Sellers are refocusing their portfolios on to other core markets and the buyers are looking to build out balanced asset portfolios. The credit market has returned and there are several large reserves-based loans that have recently been agreed combined with the "dry powder" left in private equity E&P funds. Operators and lenders/investors are increasingly aligned on the need for ESG disclosure and the move to net zero and we see limited friction in this area
UK CS in numbers
Companies have deferred £3bn of capital investment in 2020 and 2021, which is explained by the halving of drilling activity and by new project approvals being delayed, OGUK says in its latest Business Outlook.
Last year the upstream spent £11.6bn developing and operating oil and gas resources and infrastructure, down from £15bn in 2019 and the lowest total expenditure since 2004 (in real terms).
Oil and gas met an estimated 73% of the UK’s energy needs in 2020, with production from the UKCS providing around 70% of this demand.
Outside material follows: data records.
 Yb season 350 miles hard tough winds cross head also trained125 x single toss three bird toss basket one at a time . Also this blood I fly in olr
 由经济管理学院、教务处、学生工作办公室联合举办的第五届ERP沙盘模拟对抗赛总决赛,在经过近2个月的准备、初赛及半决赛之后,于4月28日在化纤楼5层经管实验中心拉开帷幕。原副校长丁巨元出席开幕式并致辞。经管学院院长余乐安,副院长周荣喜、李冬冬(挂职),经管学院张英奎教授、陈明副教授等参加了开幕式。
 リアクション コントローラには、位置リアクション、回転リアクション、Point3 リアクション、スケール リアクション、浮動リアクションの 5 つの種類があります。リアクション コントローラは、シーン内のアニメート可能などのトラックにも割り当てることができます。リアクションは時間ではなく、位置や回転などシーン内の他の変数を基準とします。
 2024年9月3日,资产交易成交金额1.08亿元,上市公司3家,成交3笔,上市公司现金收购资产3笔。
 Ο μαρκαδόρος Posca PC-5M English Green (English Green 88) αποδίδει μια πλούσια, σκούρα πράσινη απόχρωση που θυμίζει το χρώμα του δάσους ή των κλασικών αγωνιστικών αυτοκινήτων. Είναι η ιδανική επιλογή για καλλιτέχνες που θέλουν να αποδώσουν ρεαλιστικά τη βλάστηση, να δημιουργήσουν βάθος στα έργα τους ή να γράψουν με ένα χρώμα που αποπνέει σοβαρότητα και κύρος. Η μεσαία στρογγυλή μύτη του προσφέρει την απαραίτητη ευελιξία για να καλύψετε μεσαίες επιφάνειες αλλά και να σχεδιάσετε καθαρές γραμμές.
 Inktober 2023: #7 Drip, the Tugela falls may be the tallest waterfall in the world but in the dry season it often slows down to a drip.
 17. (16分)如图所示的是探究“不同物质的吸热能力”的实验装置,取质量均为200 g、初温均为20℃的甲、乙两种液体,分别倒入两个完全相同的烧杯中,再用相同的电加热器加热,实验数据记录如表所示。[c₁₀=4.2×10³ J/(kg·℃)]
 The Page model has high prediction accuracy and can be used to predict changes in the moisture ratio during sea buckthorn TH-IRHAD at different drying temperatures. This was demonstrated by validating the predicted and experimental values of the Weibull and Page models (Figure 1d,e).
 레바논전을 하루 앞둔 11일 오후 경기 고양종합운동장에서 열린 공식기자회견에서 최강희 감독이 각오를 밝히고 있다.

Looking to the future, oil and gas will continue to have an important role in a net-zero society.
Declines in investment have generally lagged the onset of price falls by one or two years but last year was different and coupled with the relatively low level of new investment approvals in recent years, investment decline was sharper and faster (Figure 2).
There is a range of opportunities being considered for investment approval in 2021 and 2022, but they are contingent on greater market stability and continued regulatory and government support. These projects could unlock in the region of 700mn boe over their life.
OGUK expects to see a modest increase in activity in 2021, with a further potential pick up in 2022. This includes a range of exploration prospects.
Within the UK supply chain, average pre-tax (Ebitda) margins have also fallen, with EY reporting a near 40% reduction between 2014-18. Many supply-chain companies have had to undergo financial restructuring and several are due for refinancing in the coming year.
The Office for Budget Responsibility (OBR) forecasts that net production tax payments will amount to £300mn in the current financial year, adding to contributions of more than £41bn since 2010 and almost £360bn since 1970 (in real terms). A further £1.7bn are expected in net receipts through to 2026.
OGUK is aware of more than £150bn of potential further spend in company plans over the next 20 years, of which £100bn could be spent by 2030.
And according to consultancy GlobalData in a mid-March report, the shallow waters of the North Sea will see plenty of production projects in the UK. It said: “The upcoming projects' list has a good mix of both oil and gas developments and will help the country to continue to meet its oil and gas needs and reduce reliance on imports."
These include Rose Bank’s 121,000 barrels of oil equivalent/day. Proposed in deep waters of West of Shetland, the project will further enhance the UK energy security with its supply of both oil and gas. The project includes a 236-km pipeline costing $2bn. The pipeline helps to transport gas produced from the Rosebank field to the UK onshore.
Another key midstream project is the Deborah storage project with a working gas capacity of 174bn ft3 at a cost of $3bn.